TASK TO COMPLETE:
In this exercise, print only the lines of the records below from the one with "-నిరూపించిన కొల్చారం భక్తులు" through the one with "美展由學生解 說創作歷程", inclusive. Pictures are not part of the copy.

STORED DATA Block Start

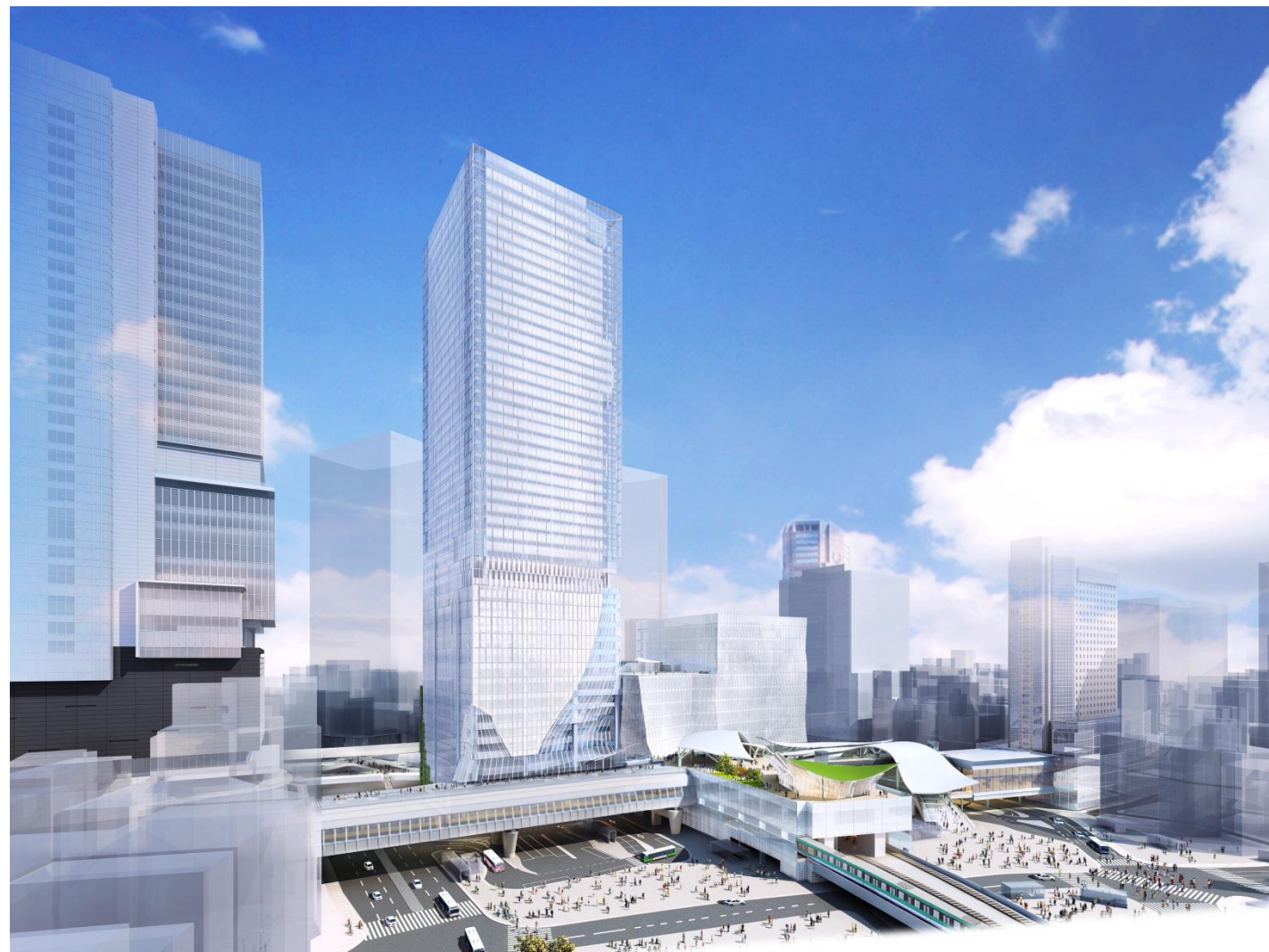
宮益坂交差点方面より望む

STORED DATA Block End
STORED DATA Block Start

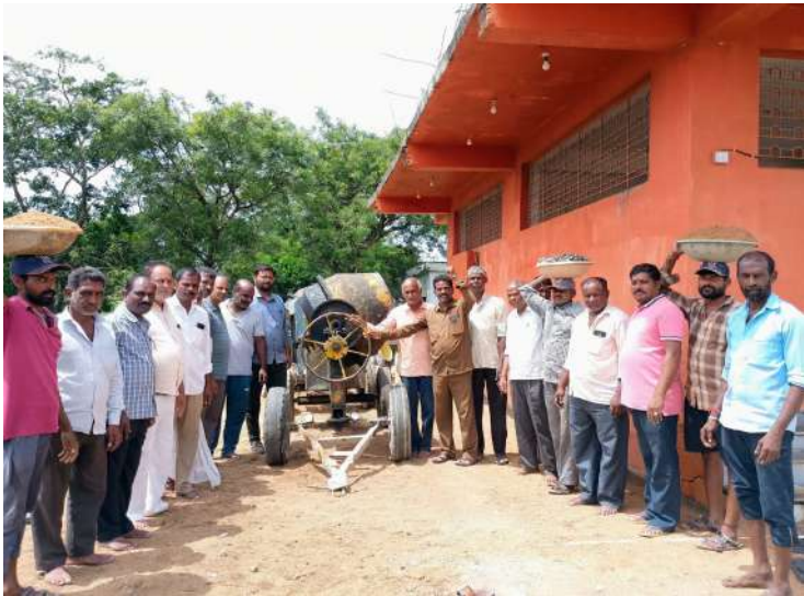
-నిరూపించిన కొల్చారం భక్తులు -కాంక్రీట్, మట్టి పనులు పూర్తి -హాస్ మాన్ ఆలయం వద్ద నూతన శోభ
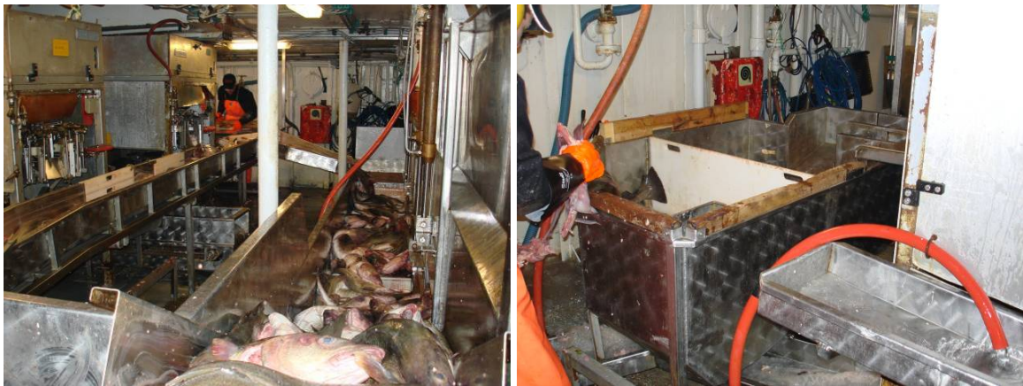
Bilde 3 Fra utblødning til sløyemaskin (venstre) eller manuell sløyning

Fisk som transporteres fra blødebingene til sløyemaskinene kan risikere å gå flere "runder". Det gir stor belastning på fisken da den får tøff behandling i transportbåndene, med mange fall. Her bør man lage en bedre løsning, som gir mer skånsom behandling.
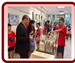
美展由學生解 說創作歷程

STORED DATA Block End

THE COMPLETED TASK:
-నిరూపించిన కొల్చారం భక్తులు -కాంక్రీట్, మట్టి పనులు పూర్తి -హాస్ మాన్ ఆలయం వద్ద నూతన శోభ
Bilde 3 Fra utblødning til sløyemaskin (venstre) eller manuell sløyning

Fisk som transporteres fra blødebingene til sløyemaskinene kan risikere å gå flere "runder". Det gir stor belastning på fisken da den får tøff behandling i transportbåndene, med mange fall. Her bør man lage en bedre løsning, som gir mer skånsom behandling.
美展由學生解 說創作歷程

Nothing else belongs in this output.